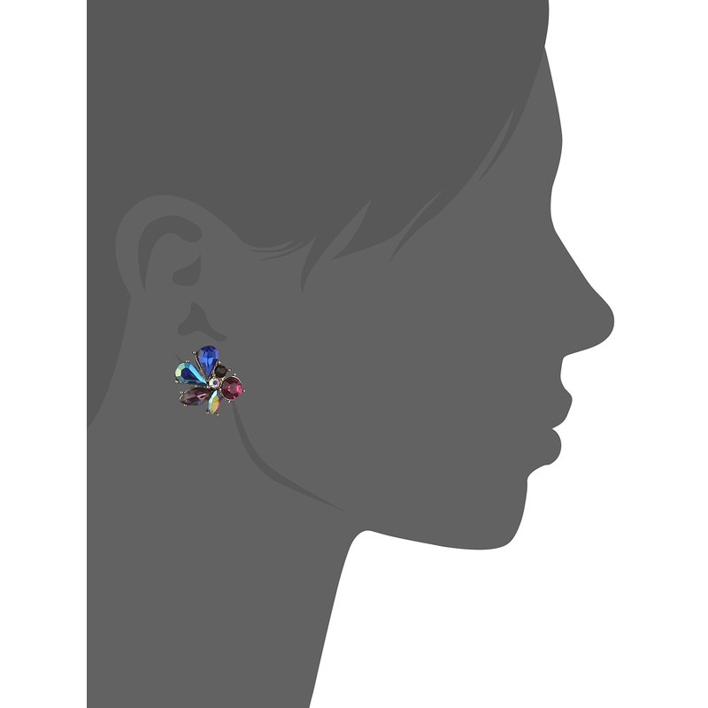 Betsey Johnson button earrings featuring mixed multi-colored stone cluster set in gold-tone metal with a post back closure.
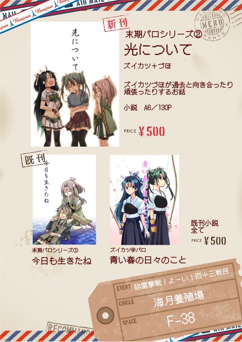 26 17 という訳で12/30(金)の新刊サンプルですー 末期パロ第3弾、瑞鶴先輩中心に色々と頑張るお話の完結編になっております。 表紙は38式さん(@sanpatisiki)、デザインはtamajamニキ(@tamajam)にお願いしました! A6/本文186P/500円です よろしくお願いしますー! 22/12/24 16:15
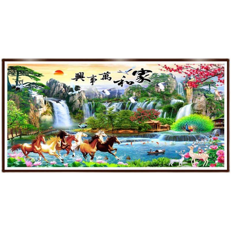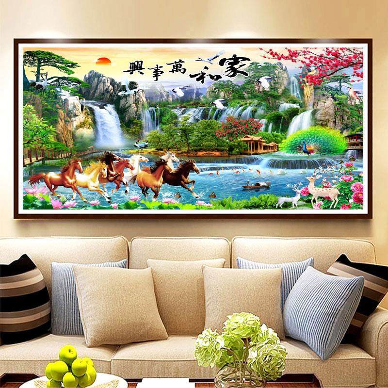 八骏图钻石绣客厅钻石画2024新款山水风景满钻手工点贴粘钻十字绣
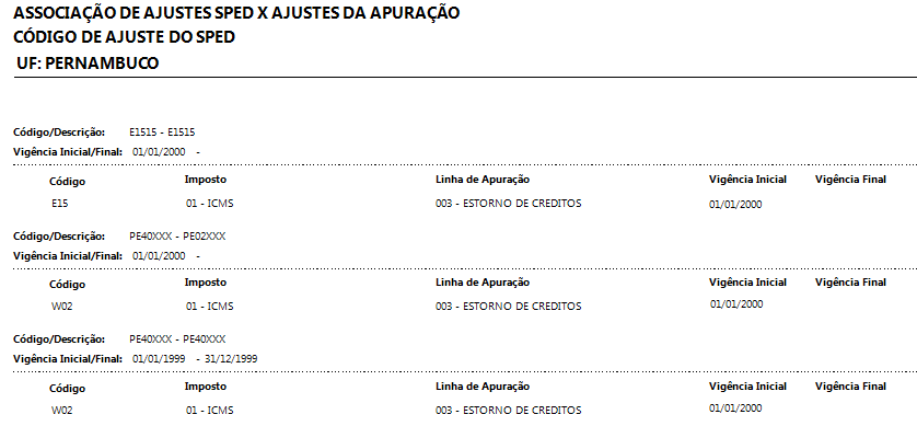 Nesta opção serão listados os Ajustes da Apuração, Descrição e Vigências e abaixo dele todos os Ajustes do SPED que foram associados pela tela Associação dos Ajustes, com as informações: UF, Código SPED, Imposto, Vigências e Registro Associado.
=-=-=-=-=
Exercise: An exact copy of all the data above is required; omit any pictures.

Answer to the problem:
 Betsey Johnson button earrings featuring mixed multi-colored stone cluster set in gold-tone metal with a post back closure.
 26 17 という訳で12/30(金)の新刊サンプルですー 末期パロ第3弾、瑞鶴先輩中心に色々と頑張るお話の完結編になっております。 表紙は38式さん(@sanpatisiki)、デザインはtamajamニキ(@tamajam)にお願いしました! A6/本文186P/500円です よろしくお願いしますー! 22/12/24 16:15
 八骏图钻石绣客厅钻石画2024新款山水风景满钻手工点贴粘钻十字绣
 Nesta opção serão listados os Ajustes da Apuração, Descrição e Vigências e abaixo dele todos os Ajustes do SPED que foram associados pela tela Associação dos Ajustes, com as informações: UF, Código SPED, Imposto, Vigências e Registro Associado.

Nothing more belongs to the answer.